With a median treatment duration of 10 cycles (interquartile range [IQR] 8-14) uMRD4 by flow cytometry:

96% in peripheral blood

92% in bone marrow and peripherla blood

The most common grade ≥3 AEs were neutropenia (26.9%), thrombocytopenia (7.7%), lung infection (5.8%)." AMPLIFY saw AE≥3 neutropenia in AV of 32.3%, AVO 46.1%, FCR/BR 43.2%. Oddly, AMPLIFY did not report thrombocytopenia.

=seymour=

TLSAtlanta• in reply toSeymourB1 month ago

Thanks for all this. The ZV studies are not far enough along to have made it to the NCCN guidelines so not yet an option unless you get into the study. The stats you quoted don't distinguish the unmutated vs mutated, is that right? Its my mutated status that makes my doc confident I will get good results with the AV protocol.

SeymourB• in reply toTLSAtlanta1 month ago

TLSAtlanta -

The NCCN endorsement is huge. But doctors in the U.S. can request any combination of drugs that have already been approved singly or in combination as off-label. They typically write a letter to the insurance company providing evidence to justify it. So it's not out of the question. On Facebook, we saw patients doing AV and AVO before AMPLIFY results and before the NCCN.

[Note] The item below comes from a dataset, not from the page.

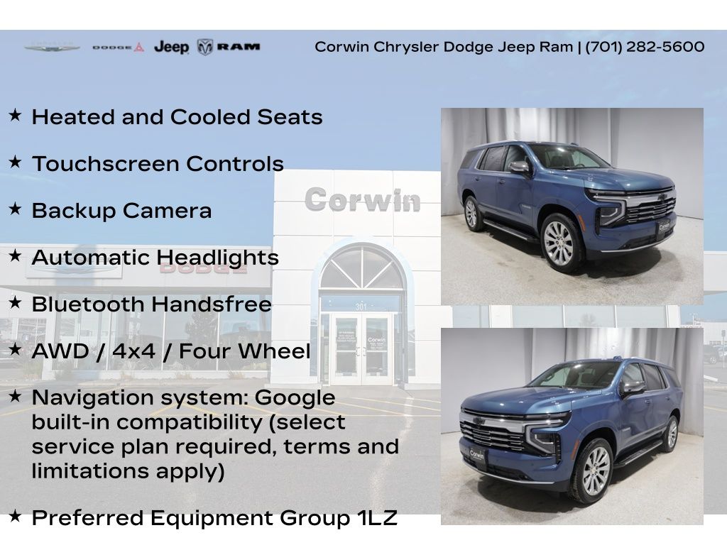 TIME TO SPRING INTO APRIL AT CORWIN CHRYSLER DODGE JEEP RAM OF FARGO!! WE HAVE SAVINGS ON ALL OF OUR PRE-OWNED VEHICLES AVAILABLE!! WE HAVE ONE OF THE LARGEST SELECTIONS OF INVENTORIES IN OUR AREA AT ONE SINGLE LOCATION !! Recent Arrival! Priced below KBB Fair Purchase Price! Lakeshore Blue Metallic 2025 Chevrolet Tahoe Premier 4D Sport Utility 4WD EcoTec3 5.3L V8 CARFAX One-Owner. Clean CARFAX.
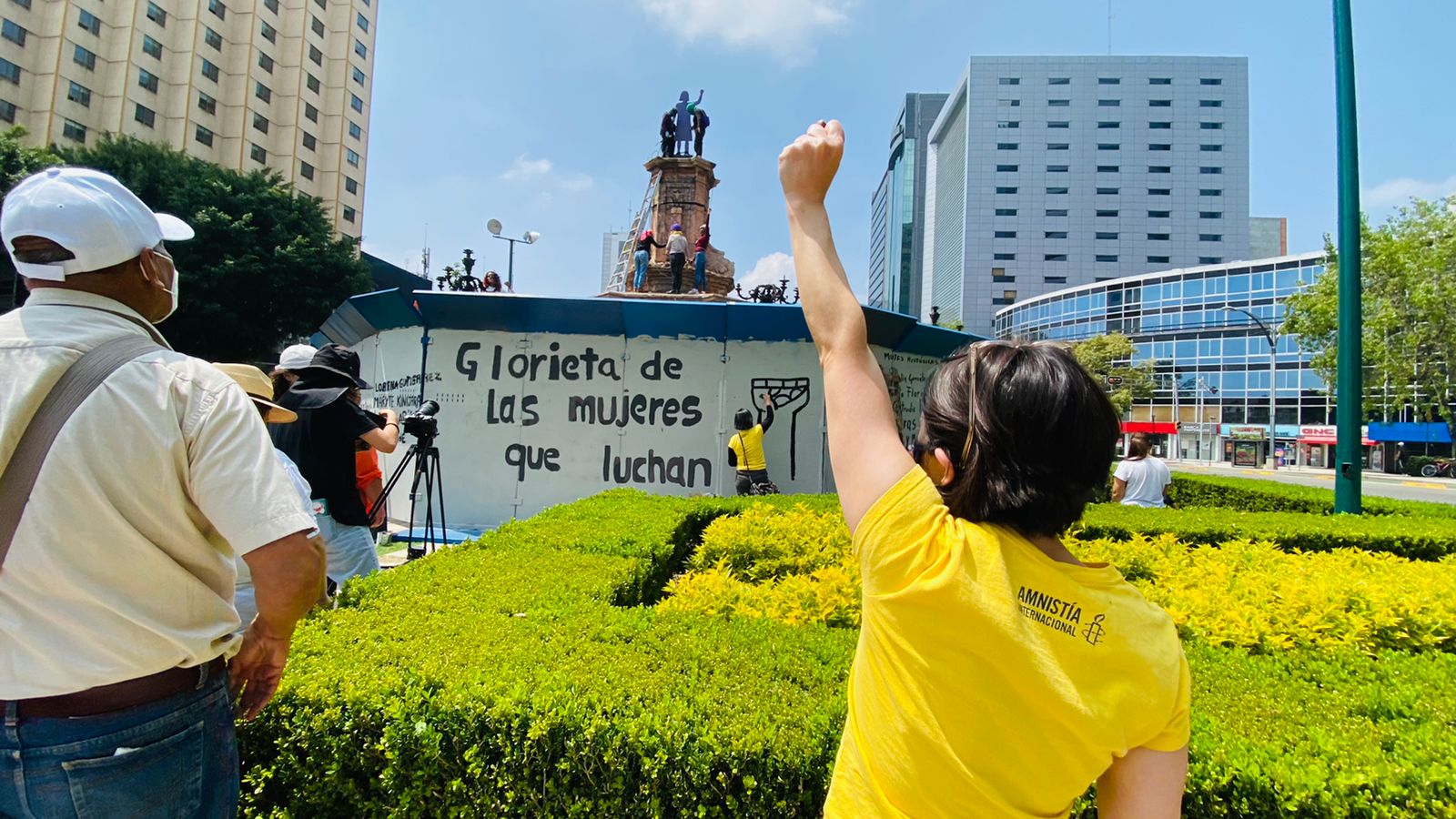 También escribieron en la parte central “Glorieta de las mujeres que luchan”, para renombrar dicho punto de la ciudad. “…este lugar es desde ahora la Glorieta de las Mujeres que Luchan y estará dedicada a aquellas que en todo el país han enfrentado las violencias, la represión y la revictimización por luchar contra las injusticias”, fue el mensaje que compartieron en sus redes.

Likewise, you could also try for a Pirtobrutinib combo. There's preliminary evidence from the Phase 2 trial that I participated in (PVO) at M.D.Anderson. I haven't heard of anyone doing that yet, though. Before I did the trial in 2023, my own local doctor had offered me Pirtobrutinib monotherapy based on its approval for relapsed/refractory Mantle Cell Lymphoma. But I wanted the combo and testing from MDA.

=seymour=

Skyshark• in reply toSeymourB1 month ago

I'm not sure why it would be any more used in US than Ven + Ibr which is also in the NCCN guidelines and both separately approved.